Julien éclate de rire.

— C'est tout toi, ça, se moque-t-il gentiment en me fixant.

— Camille ! Fais attention ! lancé-je.

Déjà, elle file vers la mer dégringolant le versant caillouteux à toute vitesse. Agile comme une petite chèvre des montagnes. Nous progressons plus lentement. Droit et fier, autant que faire se peut, surtout devant mes hommes, je descends d'un pas posé. Pas question de reconnaître que l'âge rouille peu à peu les articulations, affaiblit les muscles, ralentit le moteur. Je ne me plains pas loin de là, pourtant parcourir la pente en courant tel un cabri, ce n'est plus pour moi.

Nos bébés turbulents sont devenus des adolescents fougueux. Camille et Simon sont blond clair ainsi que l'était mon Étienne bien argenté maintenant. Julien a les cheveux noirs et les iris exceptionnels de Will qui évoquent les lagons des mers du sud mais la nature enjouée, extravertie de notre avocat. C'est Simon qui tient le plus de moi. S'il a le regard noisette d'Etienne, il a la forme de mon visage, mon nez, ma bouche et aussi beaucoup de mon caractère. Camille, c'est Will tout craché. Sensible, attentionnée, têtue. Un minois superbe aux traits fins où s'écarquillent souvent de grands yeux bleu foncé entourés d'un cercle gris. Elle fera une jeune fille magnifique.

Où sont les parts de la femme qui a donné ses ovules, de celle qui les a portés ? Nous ne voyons en eux que notre amour fou. Will et Étienne ne se sont jamais mariés. Cela n'était pas nécessaire dans le cadre de naissances assistées aux Etats-Unis. Eux, n'y tenaient pas sans moi. Égoïstement, j'en ai été soulagé. Rassuré.

J'ai repris l'enseignement lorsque Camille est entrée à l'école. J'en avais envie. J'aspirais à retrouver plus d'animation. Me réadapter à la vie active à l'extérieur n'a pas été aisé. J'ai failli renoncer vingt fois. Être chez nous me manquait alors. J'ai abandonné la conception de projets privés tout en continuant à me jeter à corps perdu dans des constructions portuaires avec Will où nos compétences conjuguées sont appréciées. Comme aux premiers jours, je prends énormément de plaisir à travailler en symbiose avec lui.

Nous sommes allés à Paris pour les cinquante ans de Will, à Venise, pour ma soixantaine. Les clichés ont la vie dure. Nous hésitons pour le demi siècle d'existence d'Etienne, sa maman est malade et il a peur de s'absenter.
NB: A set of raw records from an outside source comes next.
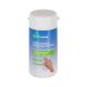 Contenitore apriechiudi con 100 salviette di pulizia per lavagna bianca. Realizzate con prodotti riciclabili, imbevute con detergenti biodegradabili e non tossici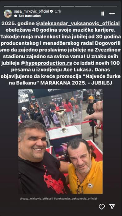 – Dogovorili smo da zajedno proslavimo jubileje na Zvezdinom stadionu zajedno sa svima vama! U znaku ovih jubileja Hajp produkcija će izdati novih 100 pesama u izvođenju Ace Lukasa. Danas objavijujemo da kreće promocija „Najveće žurke na Balkanu“ Marakana 2025. – jubilej – napisao je Saša Mirković.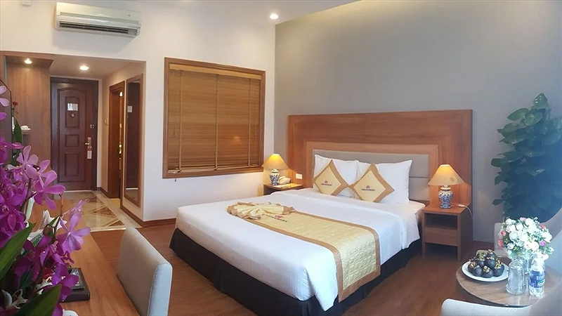 Bữa ăn: Khách có thể thưởng thức món ăn mang phong cách quốc tế tại Hoa Mai, một trong 2 nhà hàng của khách sạn hoặc nghỉ lại trong phòng và thưởng thức những bữa ăn ngon với dịch vụ phòng (có giới hạn thời gian). Thư giãn sau một ngày dài bên cạnh ly đồ uống yêu thích tại quầy bar/khu lounge. Khách có thể dùng bữa sáng buffet miễn phí hàng ngày từ 06:00 đến 09:00.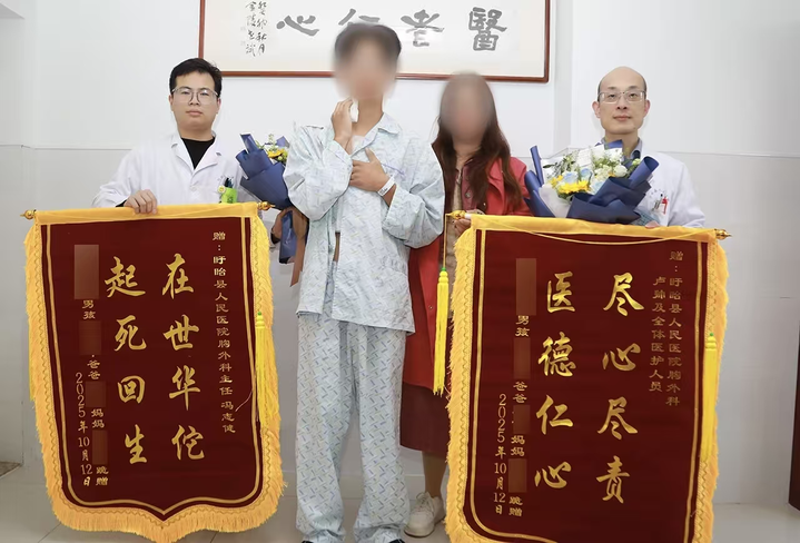 出院当日,小亮家属捧着两面锦旗,紧紧握住医护人员的手激动地说道:“感谢!是你们的不放弃,给了孩子第二次生命!”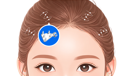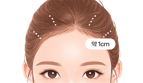헤어라인 안쪽 4포인트에 약 1cm 내외의 최소 절개를 진행하여, 흉터 부담을 줄이는 방향으로 접근합니다.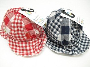Kids Foret 垂れ付チェックキャップ 日よけの付いたかわいいチェックCAPです とっても柔らかなガーゼ素材なので安心 これならお出かけも楽しくなっちゃう ※脱落防止のゴムも付きます。カラー:レッド・ネイビーサイズ:48センチ品質:綿 100%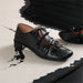 LBSFY - 2025 Women Genuine Leather Square Toe Thick Heel Mature Sweet Dating Bowtie Party Wedding Shoes Woman Prom Pumps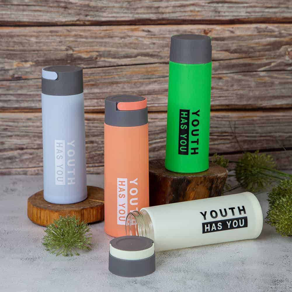 Water bottle - Youth. Bottle with screw cap and plastic handle. Available in several different variants. Please select your preference when ordering.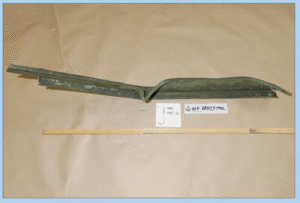 This image shows a remnant of the BSU-60 A/B tail fin. This this model of tail fin is used exclusively with AGM-88 series missiles. (ARES)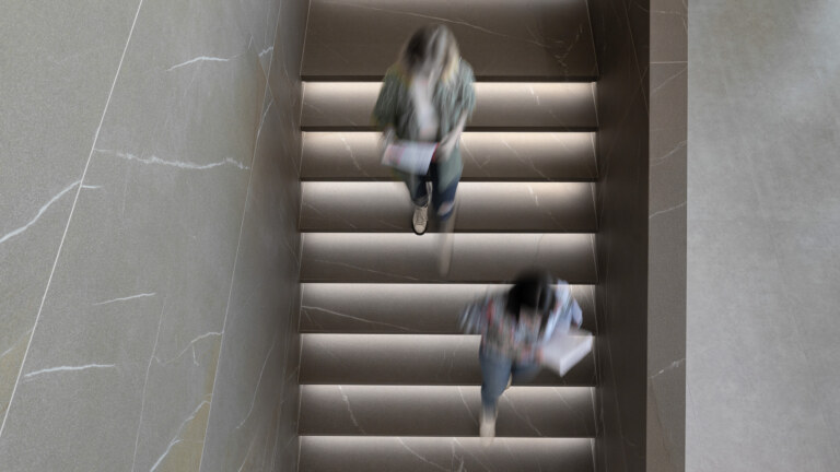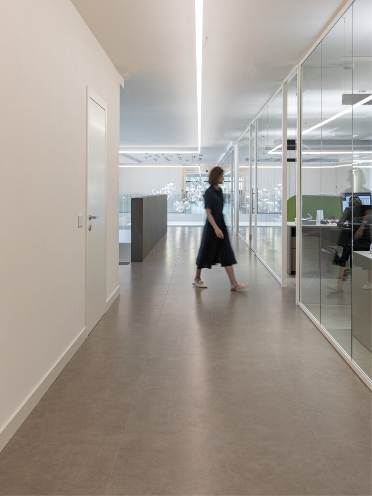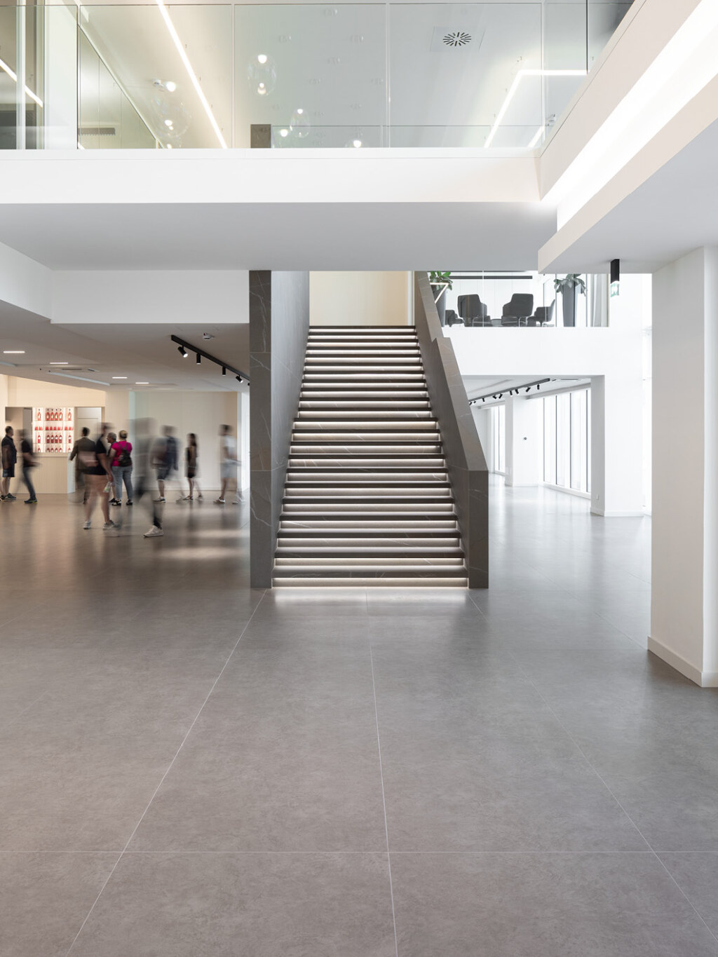 IN-SIDE también crea un vínculo entre el interior y el exterior: en efecto, la tonalidad Pietra Piasentina Grigio, además de la fuente sobre la que está apoyada la escultura, reviste la escalera monumental interior, con peldaños compensados y ledes incorporados en voladizo, que se yergue en la entrada de la sede. Se trata de una elección estratégica y estética, orientada a la ligereza y a resaltar el material, hilo conductor del diseño de los espacios interiores. La doble altura de las plantas, iluminadas por tubos de luz, se inspira en el minimal art estadounidense, entre juegos de luz, símbolos y transparencias que crean un ambiente de trabajo armonioso.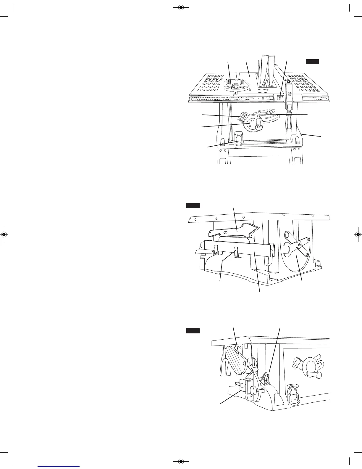Elevates or lowers the blade. Also used to adjust blade bevel at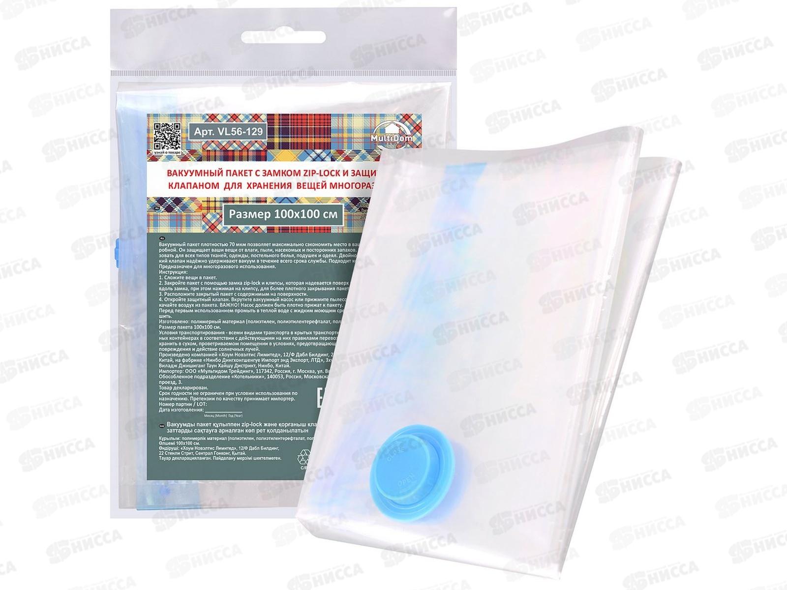 Вакуумный пакет с замком зип-лок и защитным клапаном для хранения 100*100 VL56-129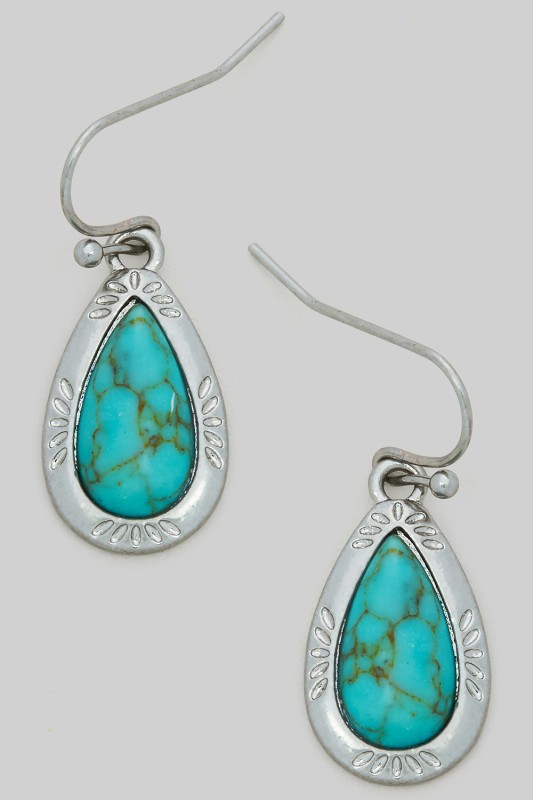 Western Teardrop Dangle Earrings Please register or log in to view prices. Western teardrop stone dangle earrings. Approx. length 1.85".Units in Prepack: 3Price per unit: $3.0…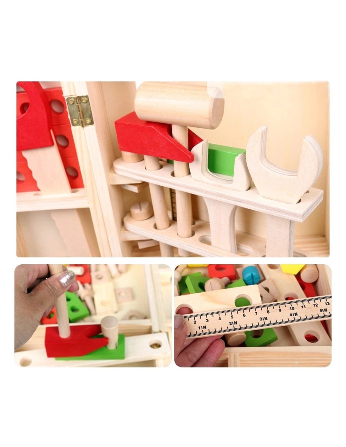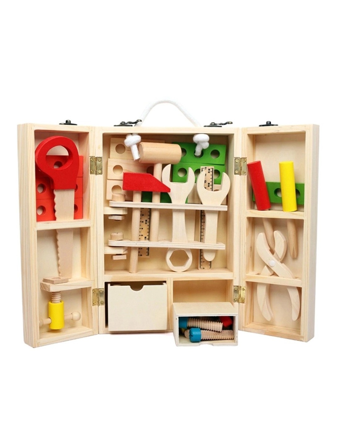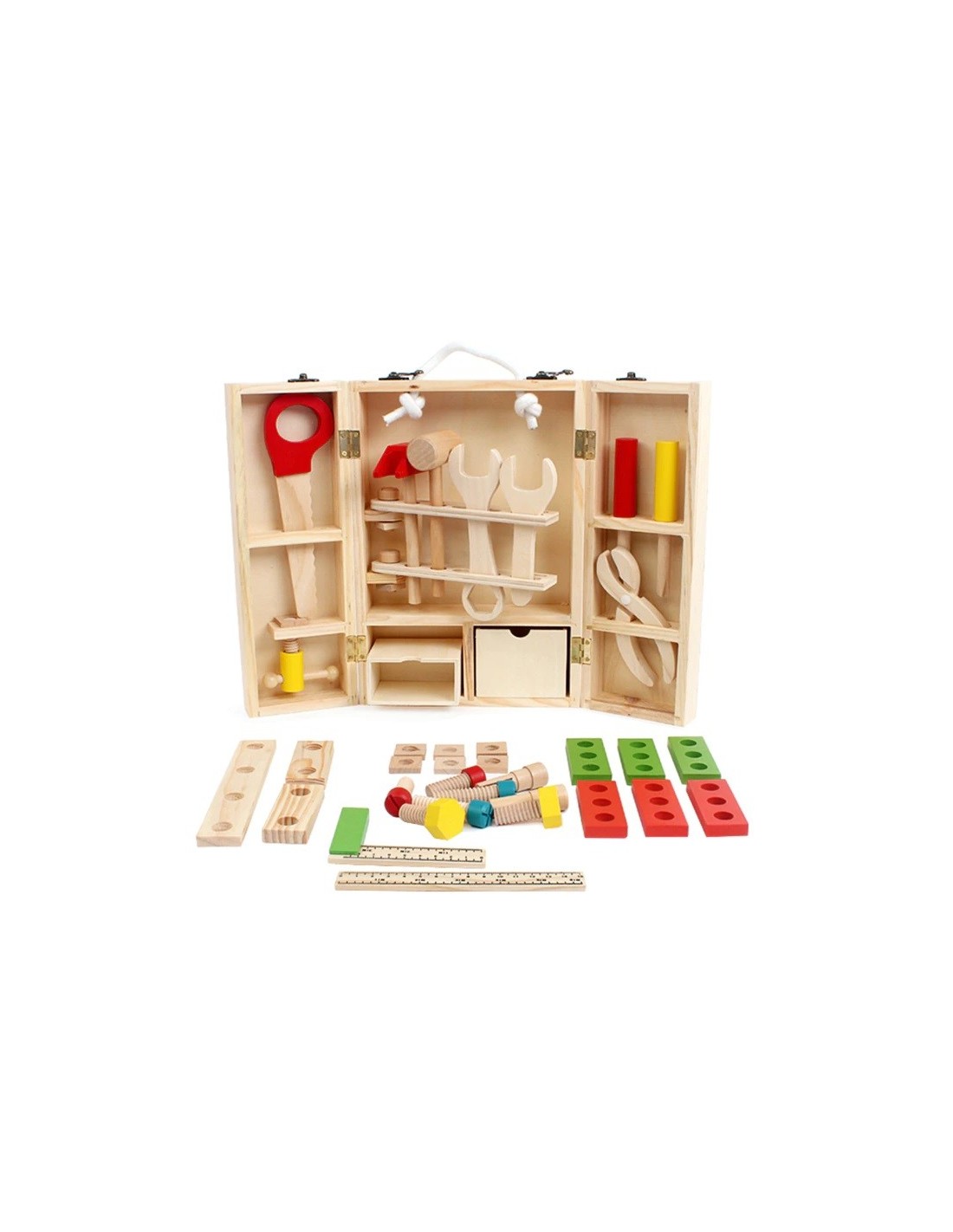 Caja de herramientas de madera para niños, ideal para el juego simbólico y la construcción. Incluye herramientas y piezas para armar y desarmar, estimulando la motricidad fina, la coordinación mano-ojo y la creatividad. Fácil de guardar y transportar, juguete educativo sin pantallas recomendado desde los 3 años.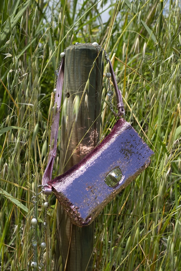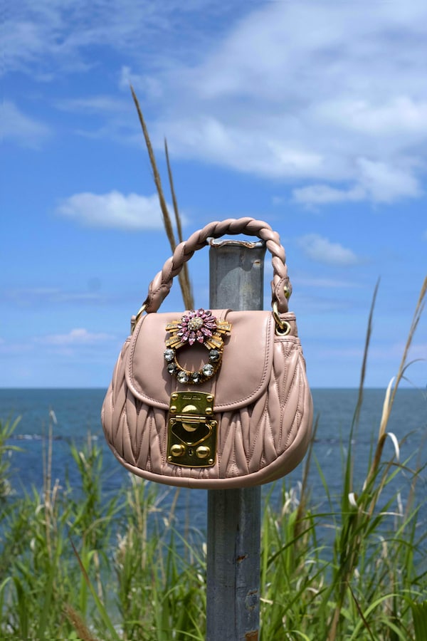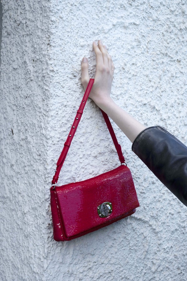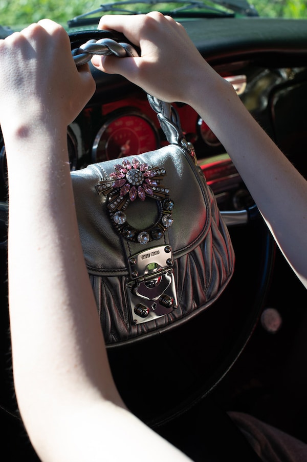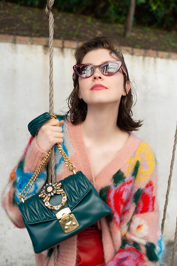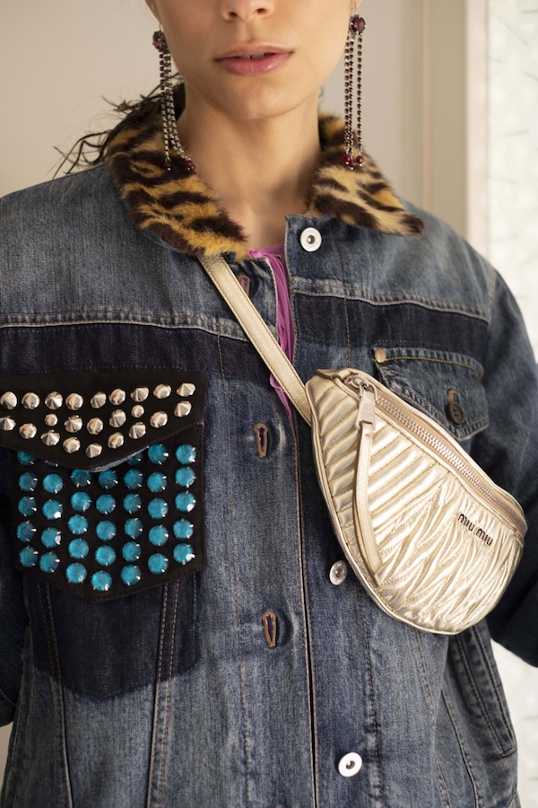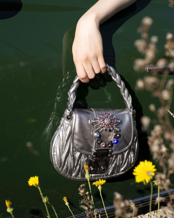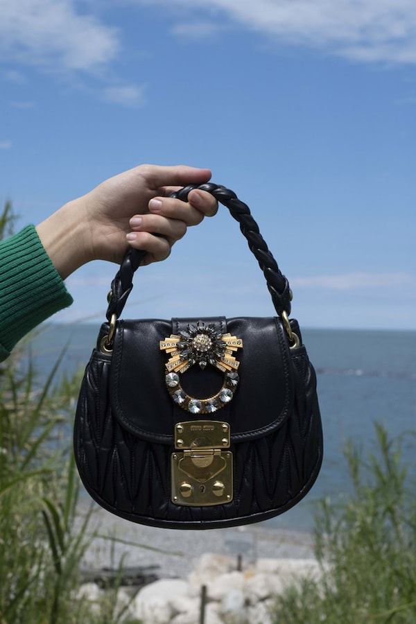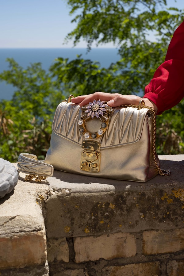 The most emblematic Miu Miu bags are featured, from the Coffer bag embellished with a jewel buckle for Fall/Winter 2018 to the classic line of the Miu Crystal bag decorated with dazzling sequins.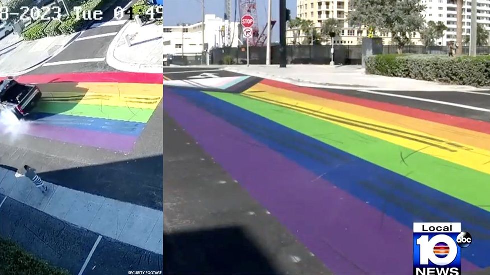 A recently installed Progress Pride mural painted on a street in Fort Lauderdale was defaced by two men in a pickup truck late last month. The entire act was caught on video, and the mayor of the city told local ABC affiliate WPLG the city will track down those responsible for the vandalism.

Il a fallu qu'elle se fâche afin qu'il accepte de prendre ces vacances.

La mère de Will est décédée il y a cinq ans. John célèbre les fêtes de fin d'année avec femme et enfants chez nous. C'est par lui qu'il a des nouvelles de son cadet et de son père qui est en maison de repos et qui n'ont pas voulu renouer de lien.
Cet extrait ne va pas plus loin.